__What you should do__. All the lines below need to be transcribed exactly. Pictures get left out.

------ Given data

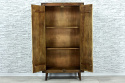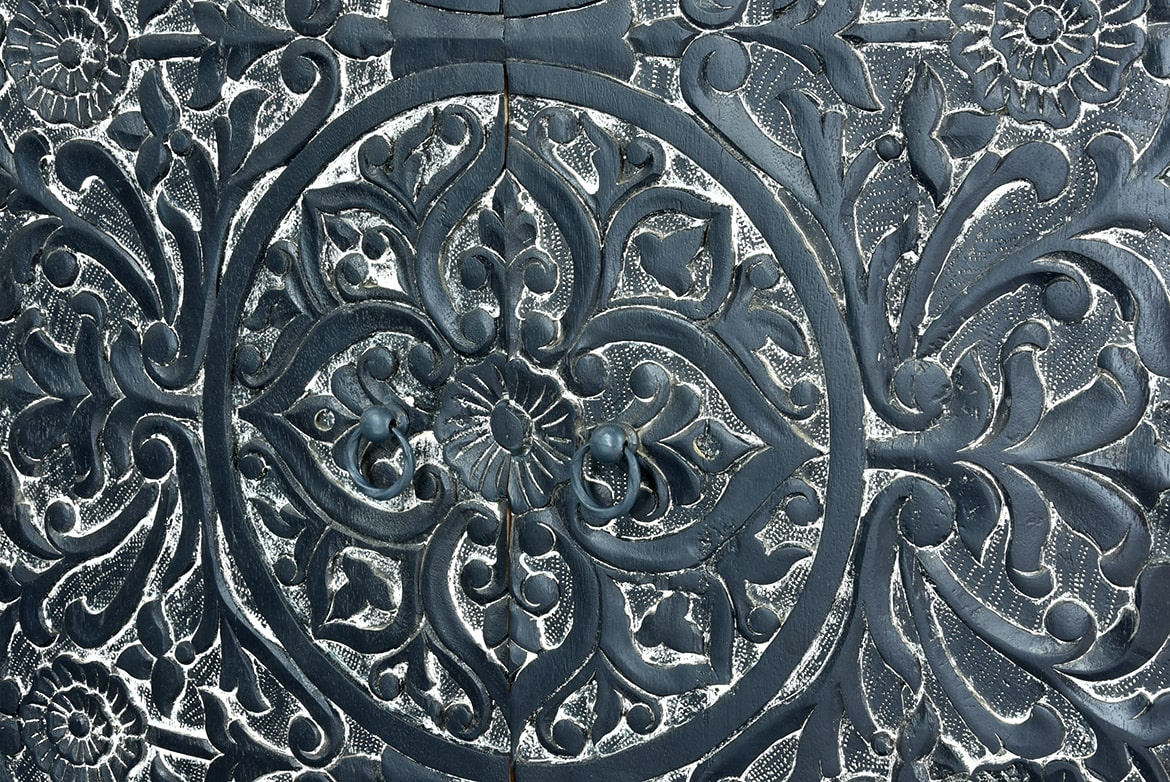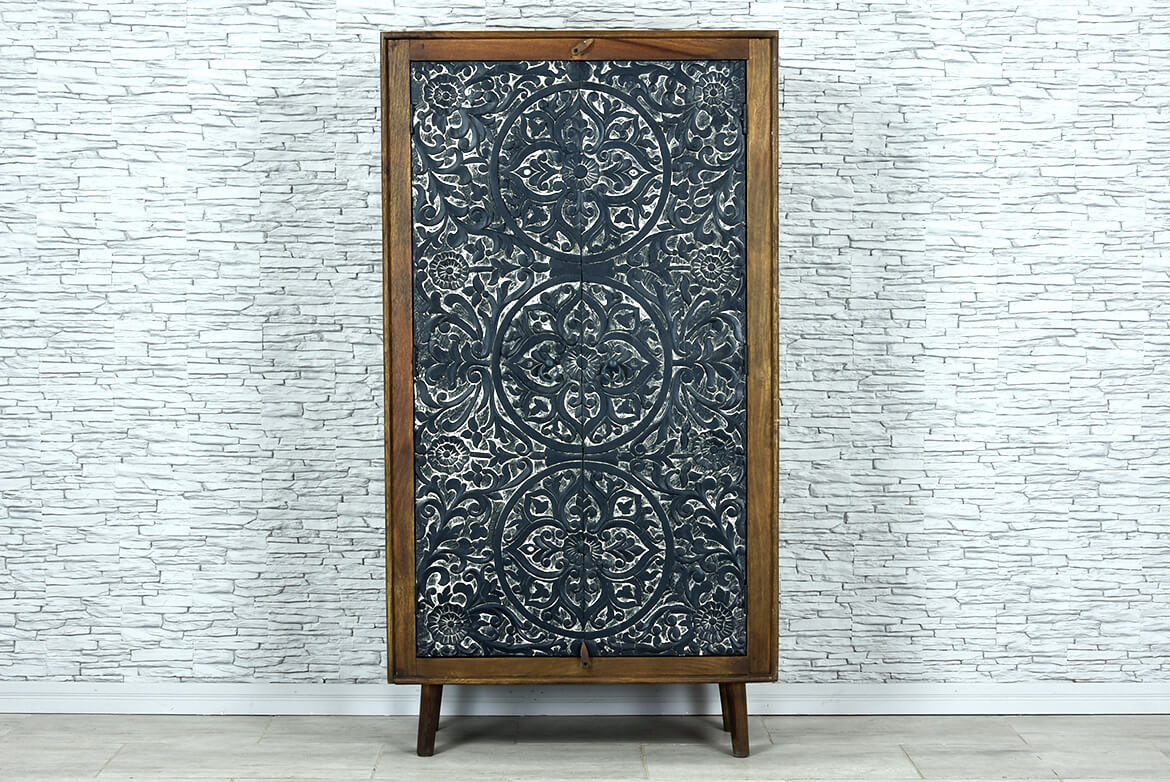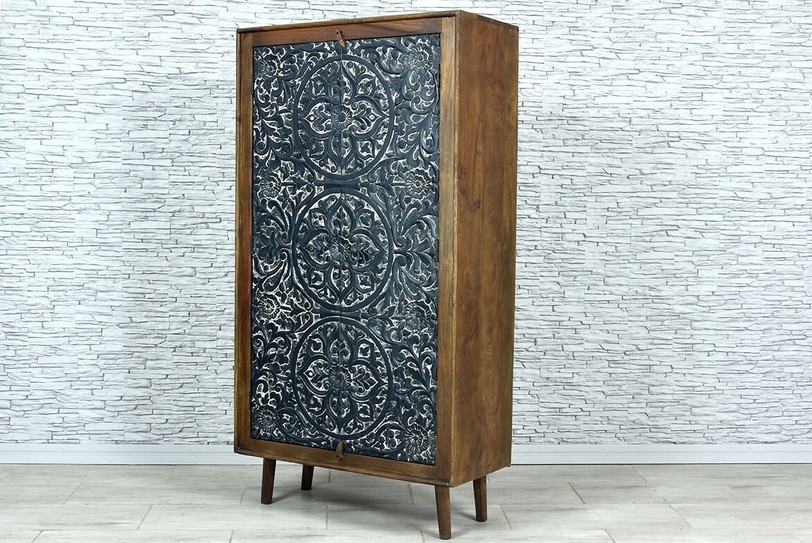 Drewniana szafa indyjska z ozdobnym frontem, na którym wyrzeźbiono zjawiskowe, florystyczne wzory i mandale.
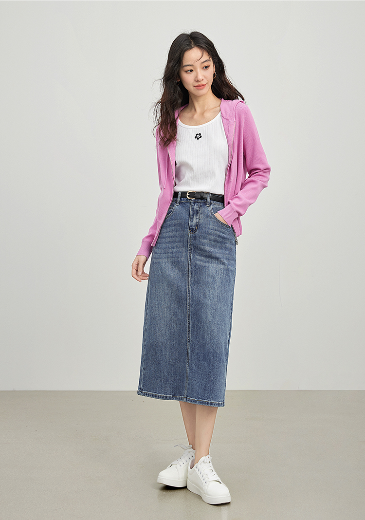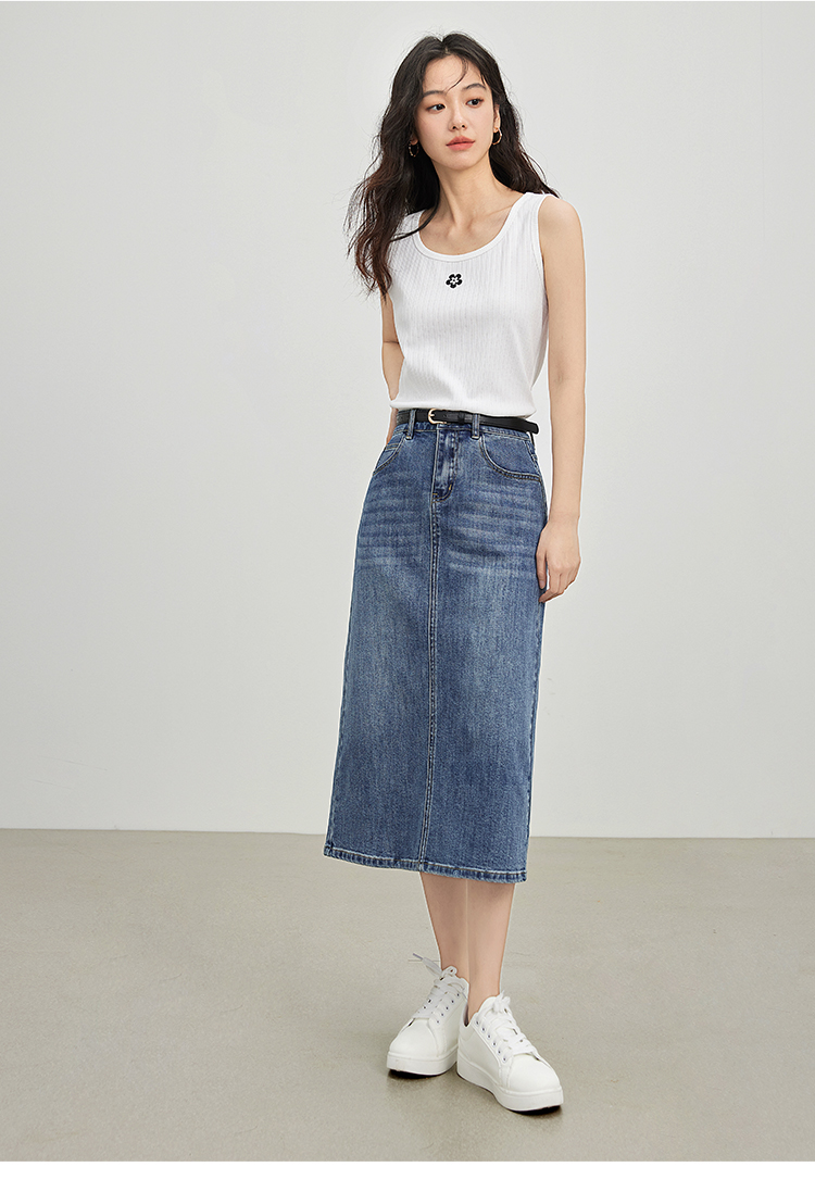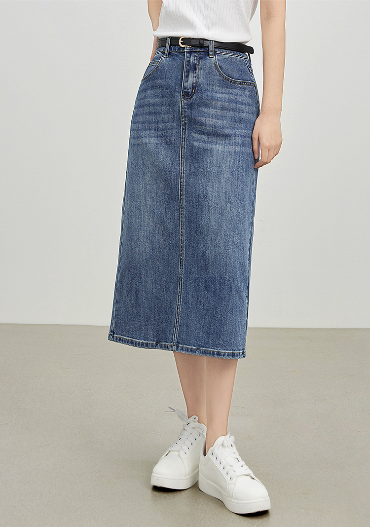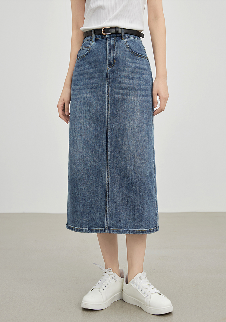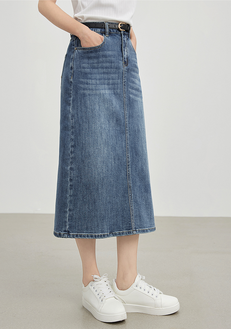 【五折购】熙世界梨型身材牛仔半身裙女2025秋新款高腰复古直筒A字中长裙
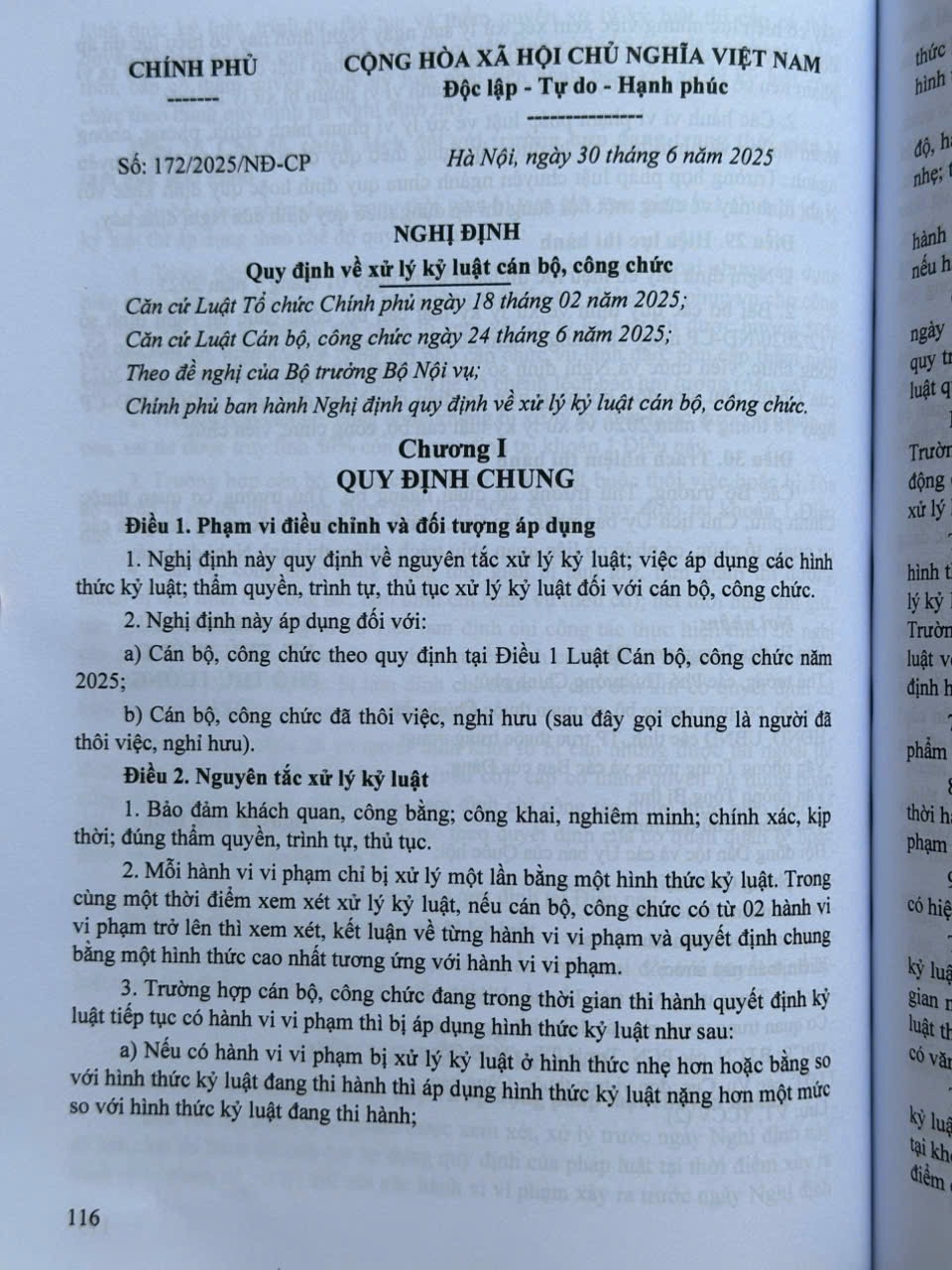 – Nghị định số 172/2025/NĐ-CP ngày 30 tháng 6 năm 2025 của Chính phủ quy định về xử lý kỷ luật cán bộ, công chức;

------------

__Solution for this task__.
 Drewniana szafa indyjska z ozdobnym frontem, na którym wyrzeźbiono zjawiskowe, florystyczne wzory i mandale.
 【五折购】熙世界梨型身材牛仔半身裙女2025秋新款高腰复古直筒A字中长裙
 – Nghị định số 172/2025/NĐ-CP ngày 30 tháng 6 năm 2025 của Chính phủ quy định về xử lý kỷ luật cán bộ, công chức;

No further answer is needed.